Calico CNI pods not starting on Kubernetes (CentOS VM) — network unreachable to API server

Summary

The issue at hand is that Calico CNI pods are not starting on a Kubernetes cluster running on a CentOS VM. The root cause of this issue is that the calico-node pod cannot contact the API server, resulting in a network unreachable error.

Root Cause

The root cause of this issue is:

The calico-node pod is unable to connect to the API server due to a network unreachable error.
This error occurs because the calico-node pod is trying to access the API server at https://10.96.0.1:443, but the network is not reachable.
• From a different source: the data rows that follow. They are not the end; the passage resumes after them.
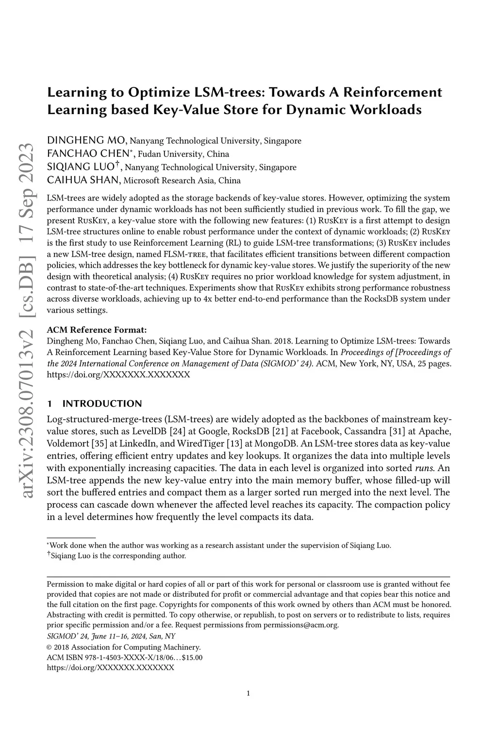 Learning to Optimize LSM-trees: Towards A Reinforcement Learning based
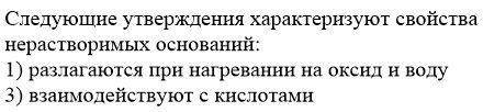 Какие утверждения характеризуют свойства нерастворимых оснований?1) разлагаются при нагревании на оксид и воду2) взаимодействуют с щелочами 3) взаимодействуют с кислотами4) взаимодействуют с солями5) взаимодействуют с основными оксидами
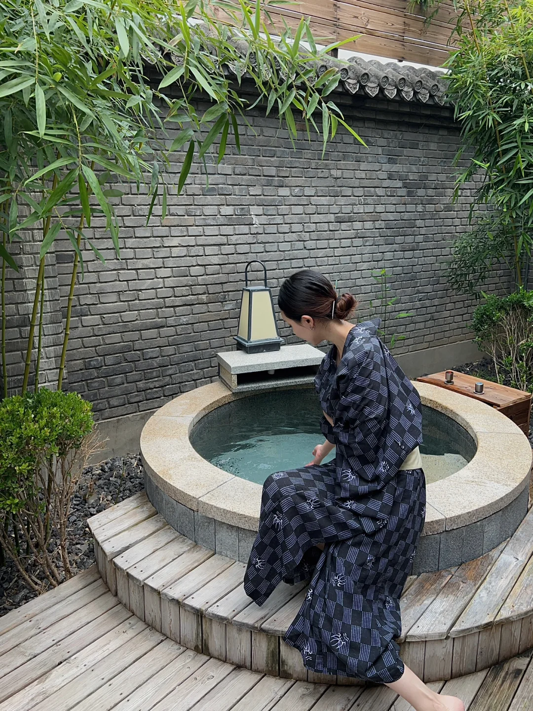 温泉还能穿浴衣拍照?北京这温泉是时尚秀场吗?泡着热水,摆着pose,这体验有点新奇哦~

Why This Happens in Real Systems

This issue can occur in real systems due to:

Network configuration issues: The network configuration on the CentOS VM may not be set up correctly, preventing the calico-node pod from accessing the API server.
Firewall rules: Firewall rules may be blocking the traffic from the calico-node pod to the API server.
DNS resolution issues: DNS resolution issues may be preventing the calico-node pod from resolving the API server URL.

Real-World Impact

The real-world impact of this issue is:

Calico CNI pods will not start, preventing the Kubernetes cluster from functioning correctly.
Networking issues: The network unreachable error can cause issues with other pods and services in the Kubernetes cluster.
Cluster instability: The issue can cause instability in the Kubernetes cluster, leading to downtime and lost productivity.

Example or Code (if necessary and relevant)

kubectl -n kube-system logs calico-node-kptdb -c install-cni

This command can be used to view the logs of the calico-node pod and diagnose the issue.

How Senior Engineers Fix It

Senior engineers can fix this issue by:

Verifying network configuration: Verifying that the network configuration on the CentOS VM is set up correctly.
Checking firewall rules: Checking firewall rules to ensure that traffic from the calico-node pod to the API server is not blocked.
Resolving DNS issues: Resolving any DNS resolution issues that may be preventing the calico-node pod from accessing the API server.
Updating Calico configuration: Updating the Calico configuration to use the correct API server URL.

Why Juniors Miss It

Junior engineers may miss this issue because:

Lack of experience: Junior engineers may not have experience with Kubernetes or Calico, making it difficult for them to diagnose the issue.
Limited knowledge of network configuration: Junior engineers may not have a strong understanding of network configuration, making it difficult for them to identify the root cause of the issue.
Overlooking error messages: Junior engineers may overlook the network unreachable error message in the calico-node pod logs, failing to diagnose the issue correctly.